Yolanda fingered her wedding band with a sigh. ‘It was a better fate than the ovens of Auschwitz. That is my only comfort – that they were spared such terror. I have only one photo of them, nothing of us together. I’ve tried to tell my children about them but the young aren’t interested, only Penny in Chicago. Would you believe she married back into the faith, to Lionel, so the circle of life goes on? I hope my parents would be blessed by that.’
‘You have not seen Etz Hayyim then?’ I asked. ‘It is beautifully restored.’
‘No, I won’t go back ever. I prefer to remember it all as it once was. I have no faith now, not in that way.’
I felt the shutters go down. The pain of these memories was too much to share.
‘Come, let’s go and tell the news to the bees in the field,’ she said. ‘It’s time they knew our story. I’ll find you a veil and cover up. We’ve all the time in the world to share our news.’
Yolanda couldn’t take her eyes off Penny. She looked so elegant, straight-backed and lean. Four children had taken their toll on her own figure; her skin was leathered by the sun.

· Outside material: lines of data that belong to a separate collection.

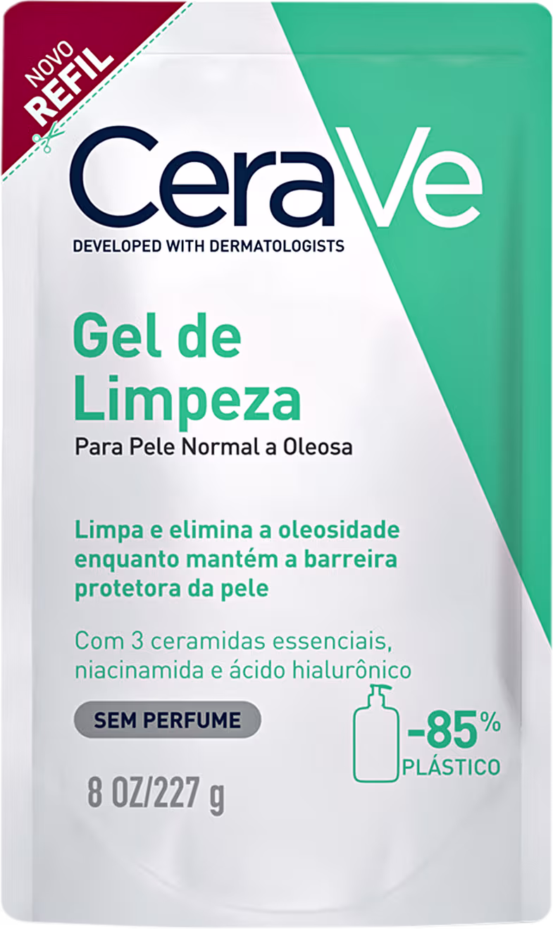 Gel de limpeza para peles equilibradas. CeraVe Refil promove uma limpeza suave, que remove a oleosidade excessiva, sem comprometer a barreira de proteção natural da pele.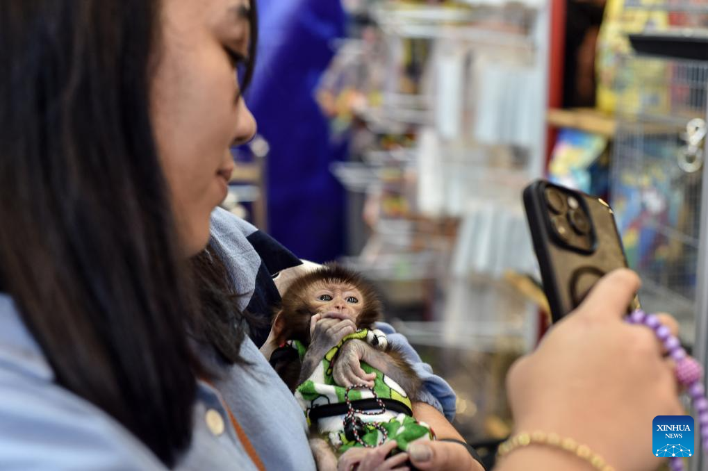 A woman takes selfies with a baby monkey during Pet Fest 2025 in Tangerang, Banten, Indonesia, May 4, 2025. The event is being held here from May 2 to May 4, featuring various activities including pet lover community sessions and pet product displays. (Xinhua/Agung Kuncahya B.)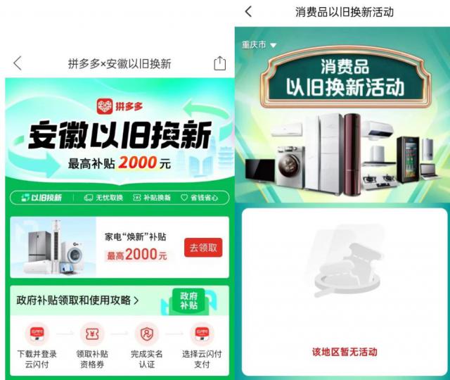 值得注意的是,目前拼多多参与国补的友好地区是安徽,其他地区有可能跳转到失效页面。

When Andreas was shot in the civil war she went into mourning and had never come out of grey or black, as was the custom. She saved colour for flowers and ornaments, the bright woven rugs and furnishings of her room.
Penny looked so bright, and much younger than she did, but they had lived in different times and climates. There was so much Yolanda wanted to know about Penny’s life in England, where it rained and was always green, but first she must tell her about Panayotis. She must dig deep into her past and pull out those bits that would give her comfort in the same way she guessed Penny had shielded her from the horrors of her parents’ deaths.